(Dataset records)
****************************************
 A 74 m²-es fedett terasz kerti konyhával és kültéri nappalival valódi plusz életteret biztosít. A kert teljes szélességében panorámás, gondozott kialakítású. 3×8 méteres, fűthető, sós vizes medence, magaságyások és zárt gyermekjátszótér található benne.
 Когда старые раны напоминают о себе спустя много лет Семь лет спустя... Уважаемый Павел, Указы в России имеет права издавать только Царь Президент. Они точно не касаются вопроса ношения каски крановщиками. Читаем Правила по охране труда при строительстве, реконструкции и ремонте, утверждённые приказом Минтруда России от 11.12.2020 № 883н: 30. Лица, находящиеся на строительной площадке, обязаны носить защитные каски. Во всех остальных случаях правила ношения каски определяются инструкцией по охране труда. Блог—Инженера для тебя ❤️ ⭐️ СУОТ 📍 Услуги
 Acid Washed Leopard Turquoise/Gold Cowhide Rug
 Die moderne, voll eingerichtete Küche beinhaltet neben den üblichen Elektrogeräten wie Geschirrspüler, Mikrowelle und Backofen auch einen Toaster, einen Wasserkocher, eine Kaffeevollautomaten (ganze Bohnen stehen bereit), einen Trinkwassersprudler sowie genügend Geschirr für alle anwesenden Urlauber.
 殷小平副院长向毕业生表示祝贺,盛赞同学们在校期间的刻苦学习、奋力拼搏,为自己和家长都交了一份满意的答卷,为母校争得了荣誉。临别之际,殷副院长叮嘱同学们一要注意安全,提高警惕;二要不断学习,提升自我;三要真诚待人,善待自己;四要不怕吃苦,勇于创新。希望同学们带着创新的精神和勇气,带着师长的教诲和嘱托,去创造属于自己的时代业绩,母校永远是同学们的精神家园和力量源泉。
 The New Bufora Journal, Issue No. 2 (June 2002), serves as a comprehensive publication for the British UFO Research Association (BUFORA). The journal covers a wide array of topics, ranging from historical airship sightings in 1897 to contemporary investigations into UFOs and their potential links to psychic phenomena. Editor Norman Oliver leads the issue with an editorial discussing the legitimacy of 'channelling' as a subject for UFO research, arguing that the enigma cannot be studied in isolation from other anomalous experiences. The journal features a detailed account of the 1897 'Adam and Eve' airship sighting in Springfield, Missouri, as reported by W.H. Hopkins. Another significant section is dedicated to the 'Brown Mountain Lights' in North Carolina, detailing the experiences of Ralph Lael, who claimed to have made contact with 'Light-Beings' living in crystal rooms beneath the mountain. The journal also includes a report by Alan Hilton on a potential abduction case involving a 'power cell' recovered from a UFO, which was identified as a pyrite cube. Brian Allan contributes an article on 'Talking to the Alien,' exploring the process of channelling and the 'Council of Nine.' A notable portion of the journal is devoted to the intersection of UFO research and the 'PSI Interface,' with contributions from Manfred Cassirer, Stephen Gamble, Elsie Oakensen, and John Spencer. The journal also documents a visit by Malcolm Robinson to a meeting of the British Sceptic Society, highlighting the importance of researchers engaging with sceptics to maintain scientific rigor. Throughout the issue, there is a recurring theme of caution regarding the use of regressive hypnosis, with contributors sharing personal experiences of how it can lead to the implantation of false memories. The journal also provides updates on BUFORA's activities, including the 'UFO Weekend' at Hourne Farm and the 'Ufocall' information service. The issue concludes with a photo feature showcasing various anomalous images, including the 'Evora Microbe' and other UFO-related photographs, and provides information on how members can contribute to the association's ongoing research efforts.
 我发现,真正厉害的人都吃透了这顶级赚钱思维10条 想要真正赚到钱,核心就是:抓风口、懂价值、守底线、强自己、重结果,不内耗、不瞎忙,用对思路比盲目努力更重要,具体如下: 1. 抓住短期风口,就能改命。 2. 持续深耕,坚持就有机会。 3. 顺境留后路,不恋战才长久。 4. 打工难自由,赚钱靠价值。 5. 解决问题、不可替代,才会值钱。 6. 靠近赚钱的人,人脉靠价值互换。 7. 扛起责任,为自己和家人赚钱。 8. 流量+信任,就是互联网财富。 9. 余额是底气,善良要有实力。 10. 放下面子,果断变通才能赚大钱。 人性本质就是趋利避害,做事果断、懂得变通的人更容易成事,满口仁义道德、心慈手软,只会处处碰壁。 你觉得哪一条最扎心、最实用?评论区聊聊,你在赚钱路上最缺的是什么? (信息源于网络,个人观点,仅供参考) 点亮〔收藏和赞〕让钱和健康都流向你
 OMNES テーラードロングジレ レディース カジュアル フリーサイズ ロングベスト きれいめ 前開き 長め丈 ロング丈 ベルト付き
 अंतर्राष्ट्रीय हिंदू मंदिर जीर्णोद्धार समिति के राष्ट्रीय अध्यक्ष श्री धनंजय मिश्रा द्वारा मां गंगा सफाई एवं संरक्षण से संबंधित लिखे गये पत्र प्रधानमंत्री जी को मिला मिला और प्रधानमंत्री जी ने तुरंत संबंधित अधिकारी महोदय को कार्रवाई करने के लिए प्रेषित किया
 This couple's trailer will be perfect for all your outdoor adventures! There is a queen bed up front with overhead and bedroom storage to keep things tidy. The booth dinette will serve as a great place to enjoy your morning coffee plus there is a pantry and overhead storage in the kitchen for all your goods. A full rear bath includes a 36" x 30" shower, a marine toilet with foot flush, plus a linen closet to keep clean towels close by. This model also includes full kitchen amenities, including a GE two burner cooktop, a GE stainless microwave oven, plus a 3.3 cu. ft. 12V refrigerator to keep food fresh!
****************************************
All the records above are to be reproduced exactly.

 A 74 m²-es fedett terasz kerti konyhával és kültéri nappalival valódi plusz életteret biztosít. A kert teljes szélességében panorámás, gondozott kialakítású. 3×8 méteres, fűthető, sós vizes medence, magaságyások és zárt gyermekjátszótér található benne.
 Когда старые раны напоминают о себе спустя много лет Семь лет спустя... Уважаемый Павел, Указы в России имеет права издавать только Царь Президент. Они точно не касаются вопроса ношения каски крановщиками. Читаем Правила по охране труда при строительстве, реконструкции и ремонте, утверждённые приказом Минтруда России от 11.12.2020 № 883н: 30. Лица, находящиеся на строительной площадке, обязаны носить защитные каски. Во всех остальных случаях правила ношения каски определяются инструкцией по охране труда. Блог—Инженера для тебя ❤️ ⭐️ СУОТ 📍 Услуги
 Acid Washed Leopard Turquoise/Gold Cowhide Rug
 Die moderne, voll eingerichtete Küche beinhaltet neben den üblichen Elektrogeräten wie Geschirrspüler, Mikrowelle und Backofen auch einen Toaster, einen Wasserkocher, eine Kaffeevollautomaten (ganze Bohnen stehen bereit), einen Trinkwassersprudler sowie genügend Geschirr für alle anwesenden Urlauber.
 殷小平副院长向毕业生表示祝贺,盛赞同学们在校期间的刻苦学习、奋力拼搏,为自己和家长都交了一份满意的答卷,为母校争得了荣誉。临别之际,殷副院长叮嘱同学们一要注意安全,提高警惕;二要不断学习,提升自我;三要真诚待人,善待自己;四要不怕吃苦,勇于创新。希望同学们带着创新的精神和勇气,带着师长的教诲和嘱托,去创造属于自己的时代业绩,母校永远是同学们的精神家园和力量源泉。
 The New Bufora Journal, Issue No. 2 (June 2002), serves as a comprehensive publication for the British UFO Research Association (BUFORA). The journal covers a wide array of topics, ranging from historical airship sightings in 1897 to contemporary investigations into UFOs and their potential links to psychic phenomena. Editor Norman Oliver leads the issue with an editorial discussing the legitimacy of 'channelling' as a subject for UFO research, arguing that the enigma cannot be studied in isolation from other anomalous experiences. The journal features a detailed account of the 1897 'Adam and Eve' airship sighting in Springfield, Missouri, as reported by W.H. Hopkins. Another significant section is dedicated to the 'Brown Mountain Lights' in North Carolina, detailing the experiences of Ralph Lael, who claimed to have made contact with 'Light-Beings' living in crystal rooms beneath the mountain. The journal also includes a report by Alan Hilton on a potential abduction case involving a 'power cell' recovered from a UFO, which was identified as a pyrite cube. Brian Allan contributes an article on 'Talking to the Alien,' exploring the process of channelling and the 'Council of Nine.' A notable portion of the journal is devoted to the intersection of UFO research and the 'PSI Interface,' with contributions from Manfred Cassirer, Stephen Gamble, Elsie Oakensen, and John Spencer. The journal also documents a visit by Malcolm Robinson to a meeting of the British Sceptic Society, highlighting the importance of researchers engaging with sceptics to maintain scientific rigor. Throughout the issue, there is a recurring theme of caution regarding the use of regressive hypnosis, with contributors sharing personal experiences of how it can lead to the implantation of false memories. The journal also provides updates on BUFORA's activities, including the 'UFO Weekend' at Hourne Farm and the 'Ufocall' information service. The issue concludes with a photo feature showcasing various anomalous images, including the 'Evora Microbe' and other UFO-related photographs, and provides information on how members can contribute to the association's ongoing research efforts.
 我发现,真正厉害的人都吃透了这顶级赚钱思维10条 想要真正赚到钱,核心就是:抓风口、懂价值、守底线、强自己、重结果,不内耗、不瞎忙,用对思路比盲目努力更重要,具体如下: 1. 抓住短期风口,就能改命。 2. 持续深耕,坚持就有机会。 3. 顺境留后路,不恋战才长久。 4. 打工难自由,赚钱靠价值。 5. 解决问题、不可替代,才会值钱。 6. 靠近赚钱的人,人脉靠价值互换。 7. 扛起责任,为自己和家人赚钱。 8. 流量+信任,就是互联网财富。 9. 余额是底气,善良要有实力。 10. 放下面子,果断变通才能赚大钱。 人性本质就是趋利避害,做事果断、懂得变通的人更容易成事,满口仁义道德、心慈手软,只会处处碰壁。 你觉得哪一条最扎心、最实用?评论区聊聊,你在赚钱路上最缺的是什么? (信息源于网络,个人观点,仅供参考) 点亮〔收藏和赞〕让钱和健康都流向你
 OMNES テーラードロングジレ レディース カジュアル フリーサイズ ロングベスト きれいめ 前開き 長め丈 ロング丈 ベルト付き
 अंतर्राष्ट्रीय हिंदू मंदिर जीर्णोद्धार समिति के राष्ट्रीय अध्यक्ष श्री धनंजय मिश्रा द्वारा मां गंगा सफाई एवं संरक्षण से संबंधित लिखे गये पत्र प्रधानमंत्री जी को मिला मिला और प्रधानमंत्री जी ने तुरंत संबंधित अधिकारी महोदय को कार्रवाई करने के लिए प्रेषित किया
 This couple's trailer will be perfect for all your outdoor adventures! There is a queen bed up front with overhead and bedroom storage to keep things tidy. The booth dinette will serve as a great place to enjoy your morning coffee plus there is a pantry and overhead storage in the kitchen for all your goods. A full rear bath includes a 36" x 30" shower, a marine toilet with foot flush, plus a linen closet to keep clean towels close by. This model also includes full kitchen amenities, including a GE two burner cooktop, a GE stainless microwave oven, plus a 3.3 cu. ft. 12V refrigerator to keep food fresh!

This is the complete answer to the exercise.